There’s one big problem with his work: he’s blown up the world so many times that he’s completely forgotten what characters feel when they witness the complete and total destruction of home, friends and — you know — the world.  There’s no effort on his part to inject any of these hundreds of doomsday scenarios with a semblance of real (or even serviceable) emotion. Emmerich, it seems, is too busy finding new ways to make the White House explode (which he does yet again in his latest film).

2012 is a truly bizarre, and at times fascinating, production — for all the wrong reasons. That the Mayans supposedly predicted this impending catastrophe thousands of years ago only provides a thin conspiratorial veneer that the infamous director uses to string together standard-issue disaster conventions. By standard, I mean generic; and by generic, I’m referring to the casting of John Cusack, only the newest in a long line of bland, everyman B+ list actors that Emmerich has employed to anchor his films. (Other previous notables include Dennis Quaid, Matthew Broderick and Kurt Russell.)
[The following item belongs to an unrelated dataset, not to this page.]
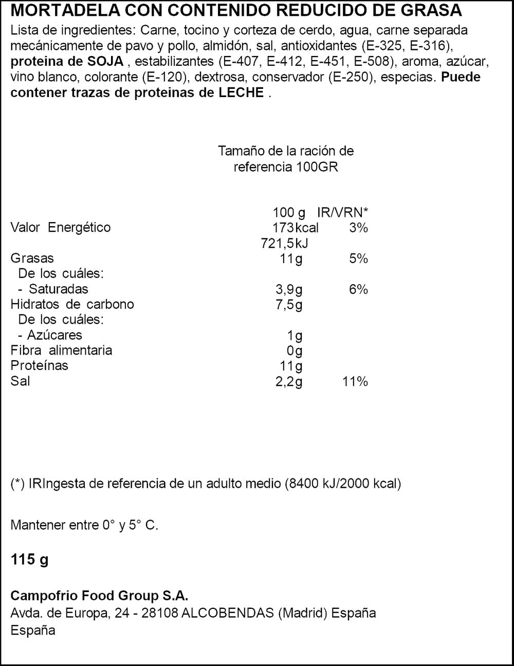 Mortadela clásica sin gluten · Campofrío (115 g)
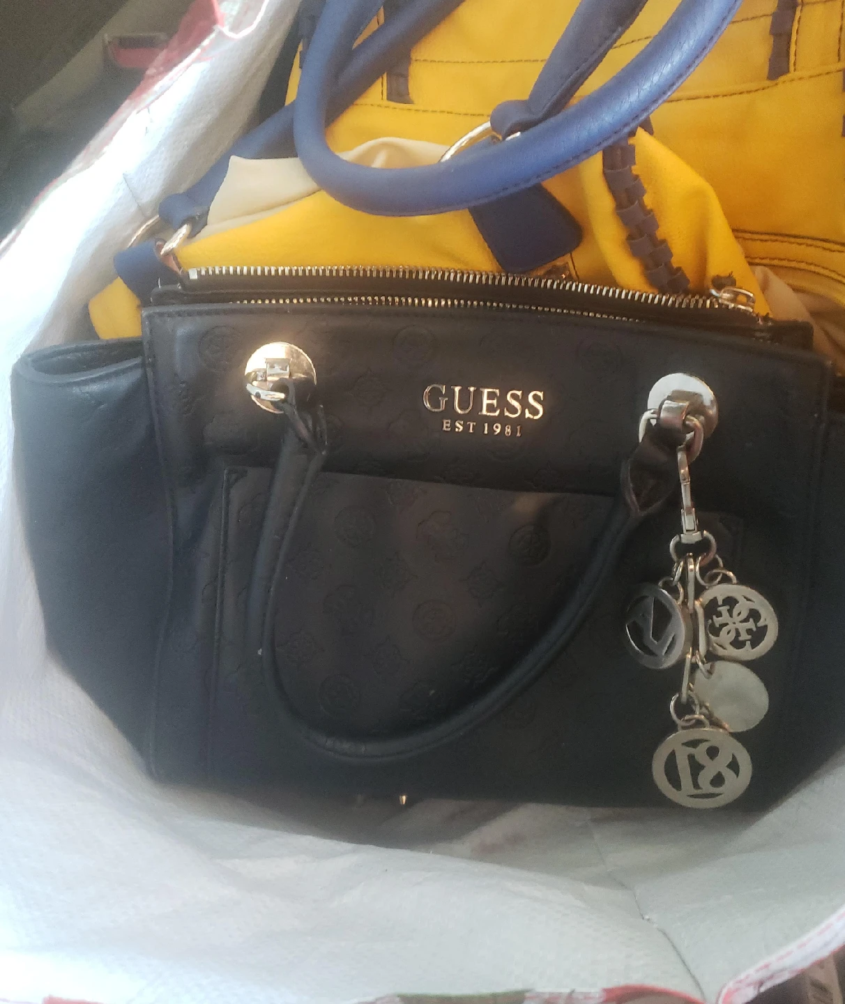 65Selling a Guess handbag in black. It's in great condition and features the classic Guess logo design. Perfect for everyday use!

Cusack completely phones in his performance as the divorced father trying to make amends with his estranged kids by taking them camping for the weekend. (Why, again, is this the blueprint for all disaster movies?) Somehow, Cusack finds a way to make the Tom Cruise working-man shtick in War of the Worlds seem Oscar-worthy, even courageous, in comparison; though, luckily, there aren’t many lines for him to monotonously read before the chaos comes. And you’ll know when it starts: it’ll hit you like a wildly careening (and airborne) bullet train. Literally.

There are some benefits to having blown up the world as many times as Emmerich has: you get to know how to do it in more preposterous ways.  Give a hand to the director. He does have a deft touch for the little details of Armageddon. I can only imagine how geeked the special effects guys were to have full rein over dreaming up preposterous ways to destroy things.

The result is equivalent to cobbling together all the money-shots from Titanic, Armageddon, The Day After Tomorrow and The Da Vinci Code to provide one giant, almost three-hour, jaw-dropping fiasco. Thousands of passengers fall to their deaths from the ceilings of luxury cruise ships, freeways collapse on gridlocked cars in Southern California, and Vatican City monoliths disintegrate on the heads of kneeling priests and huddled masses. Powerful stuff, and not even the half of what gets blown up, swept away or swallowed alive in devastation of biblical proportions.

But don’t worry; John Cusack and his family get away. Not that you’ll care. Destruction, not salvation, was the main draw anyway.